Records every enforcement decision with full context: event ID, context hash, session/source/destination IDs, matched policy, detection tags, and the action taken. Supports time-range queries and event detail retrieval.

Memory Controller (core/memory.py)

Manages encrypted agent memory with schema validation, per-agent isolation, retention policies, and automatic expiry purge.

Approval Manager (core/approval.py)

Manages the human-in-the-loop approval workflow. Creates approval requests when policies require it, tracks request state, and validates approval/denial decisions.

Secret Manager (secrets/manager.py)

Resolves secrets through pluggable backends (environment variables, Vault, AWS Secrets Manager) with audit logging that never exposes secret payloads.

Capability Token System (secrets/capability.py)

Issues scoped, time-limited tokens that grant access to specific secrets or operations. Tokens have fine-grained scopes and TTLs.

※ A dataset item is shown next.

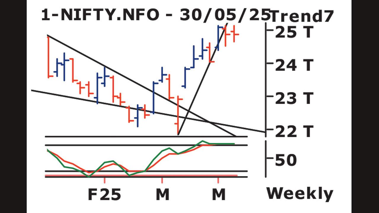 નિફ્ટી ફ્યુચર દૈનિક ધોરણે ટૂંકા ગાળાનો પ્રવાહ નરમાઈતરફી અને અઠવાડિક ધોરણે મધ્યમ ગાળાનો પ્રવાહ સુધારાતરફી છે તેમ જ માસિક ધોરણે લાંબા ગાળાનો પ્રવાહ પણ સુધારાતરફી છે. લાંબા ગાળાનો સપોર્ટ ૨૧,૨૬૫ ગણાય. (શરૂઆતમાં બ્રોડનિંગ ફૉર્મેશન પ્રમાણે એકબીજાથી દૂર જતી ટ્રેન્ડ લાઇન અને પછી સિમેટ્રિકલ ટ્રાયેન્ગલની જેમ એકબીજા તરફ સંકડાતી જતી ટ્રેન્ડ લાઇન દોરવામાં આવે છે. આ પૅટર્ન સામાન્ય રીતે કન્ટિન્યુએશન પૅટર્ન તરીકે નહીં, પણ રીવર્સલ પૅટર્ન તરીકે ગણાય છે. જ્યારે પૅટર્નના બીજા ભાગમાં ટ્રેન્ડ લાઇનમાંથી નીચેની તરફ બ્રેકઆઉટ આવે છે ત્યારે પૅટર્ન પૂર્ણ થાય છે.) (ક્રમશઃ) નિફ્ટી ફ્યુચરની ટૂંકા ગાળાની ઍવરેજ ૨૪,૮૦૩.૦૦ છે જે ક્લોઝિંગ પ્રાઇસના આધારે રોજ બદલાયા કરે છે.
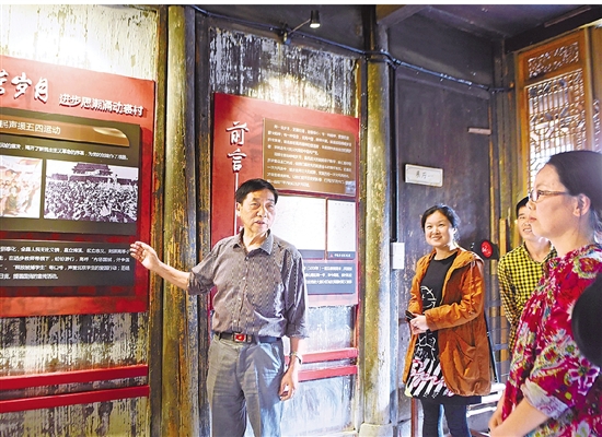 在红色印迹馆,退休教师陈贤灼向游客介绍马头村革命历史。

Intelligence Layer (intelligence/)

Five AI advisory agents that help users configure and understand SafeAI. The intelligence layer is completely separate from the enforcement path:

  • MetadataSanitizer strips raw values (secrets, PII, matched patterns) before any data enters an AI prompt.
  • AIBackendRegistry manages named BYOM backends (Ollama, OpenAI-compatible). Users bring their own model.
  • BaseAdvisor is the abstract base for all 5 agents. Each returns an AdvisorResult with artifacts written to a staging directory.
  • AI generates configs → SafeAI enforces deterministically. AI never makes runtime decisions.

Design Decisions

Decision Rationale
Boundary model over middleware chain Three explicit boundaries (input, action, output) map directly to the data flow in agent systems, making policies easier to reason about than a flat middleware stack.
Policy-as-data (YAML) over policy-as-code YAML policies can be reviewed by security teams without reading Python. They can be version-controlled, diffed, and hot-reloaded independently of application code.
Framework-agnostic core The core engine has zero framework dependencies. Framework-specific adapters are thin wrappers in middleware/, making it trivial to add new frameworks.
Deterministic enforcement Given the same input and policy, SafeAI always produces the same decision. No probabilistic or ML-based filtering in the enforcement path.
Audit everything Every boundary decision is logged with full context. This is non-negotiable for compliance and incident investigation.
Plugin system over monolith Custom detectors, adapters, and policy templates are loaded via entry points, keeping the core package small and extensible.
AI outside the enforcement loop The intelligence layer advises; it never enforces. Generated configs go to a staging directory for human review. This preserves deterministic enforcement guarantees.
Metadata-only by default AI agents work on audit aggregates, code structure, and tool definitions -- never raw content. This prevents accidental data exposure through the AI path.